Data analysis consisted of determining the relationship between dichotomised test and outcome data using standard 2×2 tables. Outcomes were defined as favourable or unfavourable: a favourable outcome consisted of the Glasgow Outcome Scale categories of normal and moderate while severe disability, vegetative state or death were considered unfavourable outcomes. For SEPs, outcomes were determined for patients with normal, abnormal and bilaterally absent SEPs. The cut-off points (thresholds) for the other predictors used are specified in the result tables. Separate 2×2 tables were generated for the prediction of favourable and unfavourable outcome. The number of true positives (test positive and outcome positive), false positives (test positive and outcome negative), true negatives (test negative and outcome negative) and false negatives (test negative and outcome positive) were determined for each test in each study in order to generate a standard 2×2 table for the use of SEPs and at least one other predictive measure. Data were excluded if an entire row of the 2×2 table consisted of cells with a value of 0. A number of specific methodological criteria were recorded from each study: whether the test was conducted and classified in a blinded manner, whether patient enrolment was prospective and consecutive, details of study entry criteria, patient characteristics and SEP methodology.
Sensitivity, specificity, positive predictive value, negative predictive value and odds ratio (OR) were calculated for each test for the prediction of favourable and unfavourable outcome. Exact 95% confidence intervals were calculated using the binomial distribution for the proportions. If one or more of the fields of the 2×2 table were empty, 0.5 was added to all cells (Yates’ correction). All data analysis was performed using a computer software package (version 6.0, Stata, College Station, Tex., USA).
Comparisons were made between test results to identify which test has superior performance in regard to sensitivity, specificity, positive and negative predictive value and odds ratio. Formal meta-analysis was conducted using the technique of summary receiver operating characteristic curves (sROC) [3, 4]. The results were also summarised by dividing the odds ratio for SEPs by the odds ratio for the other test to determine the ratio of odds ratios (ROR) for each study. A ROR greater than 1 indicates superior performance of SEPs while a ROR less than 1 indicates inferior performance of SEPs compared to the other test. ORs and RORs were tested for homogeneity while individual study RORs were pooled for each comparison using a random effects model with weighting inversely proportional to the variance [5].
Results
We initially identified 151 publications, 126 of which were excluded for various reasons: could not generate 2×2 table (40%), study not prospective/retrospective (31%), SEPs compared to other test (17%), incorrect patient group (5%), long latency SEPs (3%), row of data consisting only of zeros (2%), not used to predict outcome (1%) and duplicate study (1%). Twenty-five English-language studies [6, 7, 8, 9, 10, 11, 12, 13, 14, 15, 16, 17, 18, 19, 20, 21, 22, 23, 24, 25, 26, 27, 28, 29, 30] and four non-English-language studies [27, 28, 29, 30] were identified that compared SEPs to other predictors (Table 1). Ten studies described their patients as “comatose” or “severely” injured while six consisted only of patients with a GCS less than 8, and nine studies also included some patients with GCS of 8 or higher. Only four studies focused specifically on children [8, 24, 25, 29] while nine included both children and adults [6, 12, 13, 15, 17, 20, 22, 28, 30].
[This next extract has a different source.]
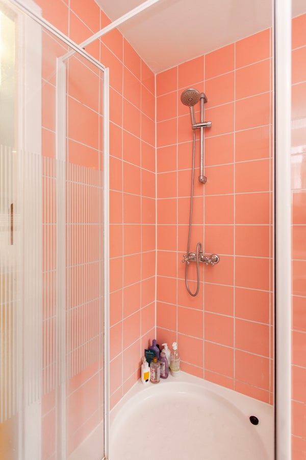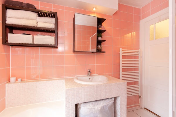 De ruime badkamer is uitgerust met een ligbad, inloopdouche, toilet, wastafel en een handdoekenradiator.

SEP methods typically involved repeat median nerve stimulation at a level above the motor threshold at a rate of 3–6 Hz with recordings made from the neck and contralateral parietal cortex (C3/4 or 2 cm behind) in accordance with published recommendations [31, 32]. Some studies used filters outside the recommended ranges [6, 10, 11, 12, 13, 14, 15, 16, 17, 22, 26], a stimulus intensity below motor threshold [16, 19] or a high stimulation rate [23]. While 14 studies compared SEPs with only one other predictor, 10 compared two other predictors to SEPs, and one study compared SEPs to four predictors. Some of the studies provided details on the timing of SEPs and the other tests. SEPs and the other tests were typically performed at different times in different studies, generally within the first few days following injury with the initial test results commonly used. Only the tests in three studies [6, 18, 19] appear to have been performed simultaneously with SEPs. The results of the comparisons between SEPs and GCS, pupillary responses, motor responses, EEGs, and CT are presented, respectively, in Tables 2, 3, 4, 5, and 6.
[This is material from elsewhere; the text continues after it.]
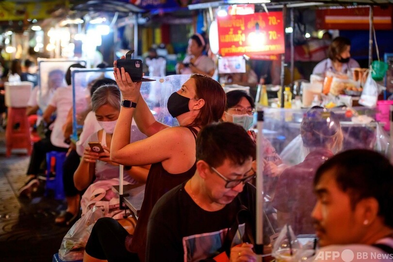 【1月13日 AFP】タイの首都バンコクのチャイナタウンで10日、パーティション越しに屋台で食事を楽しむ人々の姿がみられた。パーティションの設置は、当局による新型コロナウイルス感染症(COVID-19)対策の一環で飲食店に定められた規制を受けたもの。(c)AFP

In 61% of patients (range 14–90%) there was a unfavourable outcome, with 43% (range 17–80%) dying. For the prediction of unfavourable outcome SEPs were associated with far fewer false positives than the other tests. Only eight false positives were reported with the use of SEPs across all comparisons. Seven of these false positives, four in the study by Beca et al. [8] and one each in those by Pohlmann-Eden [20], Rumpl et al. [22] and Taylor and Farrell [24] failed to meet the criteria required for the proper determination of a bilaterally absent response [2]. The studies by Beca et al. [8] and Taylor and Farrell [24] included only children. By comparison, there were 77 false positives associated with the GCS, 17 with CT, 12 with pupillary responses, 8 with motor responses and 3 with the EEG. SEPs also tended to have higher numbers of true negatives than other tests. On the other hand, SEPs tended to be associated with higher numbers of false negatives and fewer true positives than the other tests. For favourable outcome prediction the only clear pattern is the tendency for SEPs to be associated with higher numbers of true positives and fewer false negatives than the other tests and their higher rate of false positives than the GCS.
Table 7 provides a comparison of the number of times that SEPs had higher, equal or lower values of sensitivity, specificity, positive predictive value and negative predictive value than each of the other tests. These comparisons showed that for unfavourable outcome prediction SEPs tended to display lower sensitivity, higher specificity, higher positive predictive value and lower negative predictive value. Motor responses, pupillary responses, GCS and CT tended to have higher sensitivity than SEPs. The specificity and positive predictive value of SEPs was consistently equal to or greater than that of all other tests. For favourable outcome prediction SEPs tended to display higher sensitivity, specificity, positive predictive value and negative predictive value. Exceptions were for pupillary response which had higher sensitivity and the GCS, which tended to have better specificity.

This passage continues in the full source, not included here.